What makes FD-SOI attractive are two features—low-power and body bias. It enables drive currents of 910μA/μm (856μA/μm) at 0.8 volts, with voltage operations down to 0.4 volts.
“Body bias is the ability to fully control the threshold voltage (Vth) of the transistors dynamically by polarizing the back gate of the transistor. Vth—which was a parameter determinable only by process through complex doping techniques—is now programmable dynamically through software,” said Manuel Sellier, product marketing manager at Soitec. “Designers can use this feature to dynamically manage the leakage in their circuit, and also to compensate static (process) and dynamic variations (temperature, voltage, and aging) efficiently.
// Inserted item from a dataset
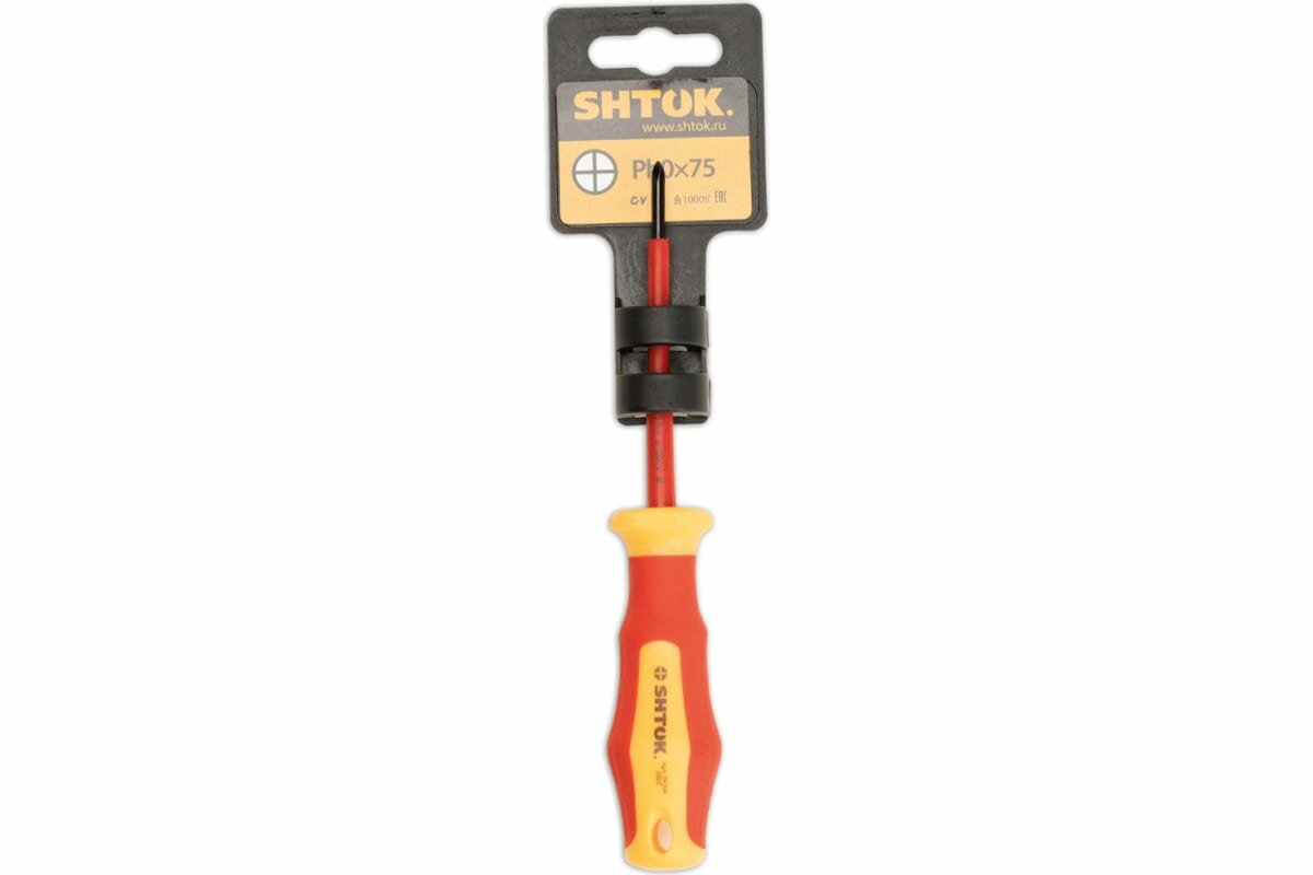 Диэлектрическая крестовая отвертка SHTOK 1000В Ph0x75 мм предназначена для работы с крепежом, имеющим рабочий профиль Phillips, а также для выполнения работ под напряжением. Предусмотрено отверстие в рукоятке - для подвешивания. Рабочая часть, выполненная из хром-ванадиевой стали, увеличивает прочность и износоустойчивость отвертки.

The result is a 4X to 7X energy efficiency gain at ultra-low power.”
FD-SOI also supports forward body biasing. When polarization of the substrate is positive, the transistor can be switched faster, according to STMicroelectronics.
FD-SOI, however, has three drawbacks—cost, ecosystem and adoption. For years, FD-SOI has had limited adoption. Intel, TSMC, UMC and others have never adopted FD-SOI, saying bulk CMOS enables high-performance devices at better costs. For example, an SOI wafer sells from $370 to $400 each, compared to $100 to $120 for a bulk CMOS wafer.
But FD-SOI does have a lower mask count, which compensates for the wafer cost. FD-SOI has 22 to 24 mask steps, while a comparable bulk CMOS process has 27 to 29 mask steps, according to IBS.
FD-SOI is closing the gap, too. “We are now looking at what we view as the limit of bulk CMOS,” IBS’ Jones said. “Transistor costs for 22nm FD-SOI are within 5% of the transistor costs for 22nm HKMG (high-k/metal-gate). 22nm FD SOI gives 30% to 50% lower power consumption compared to 22nm HKMG, which is important for wearable and IoT devices.”
The FD-SOI community, however, lags in terms of the EDA/IP ecosystem. “The IP ecosystem for 22nm FD-SOI is strengthening, but 22nm HKMG bulk CMOS has a broader IP ecosystem,” Jones said.
The tide is turning. Cadence, Mentor and Synopsys have been certified for various EDA tools for GlobalFoundries’ FD-SOI technology.
“There are some unique capabilities for RF, for example, with integrated FD-SOI, which are very hard to equal in other ways,” said Wally Rhines, president and CEO of Mentor.
FD-SOI has other advantages. “While the finFET gives you near zero leakage, you still have dynamic power. One of the advantages of FD-SOI is dynamic power. If you can reduce the voltage from one volt down to 0.6, that’s a 65% reduction in power. FD-SOI has some advantages in being able to dynamically alter the power versus the performance balance,” Rhines said.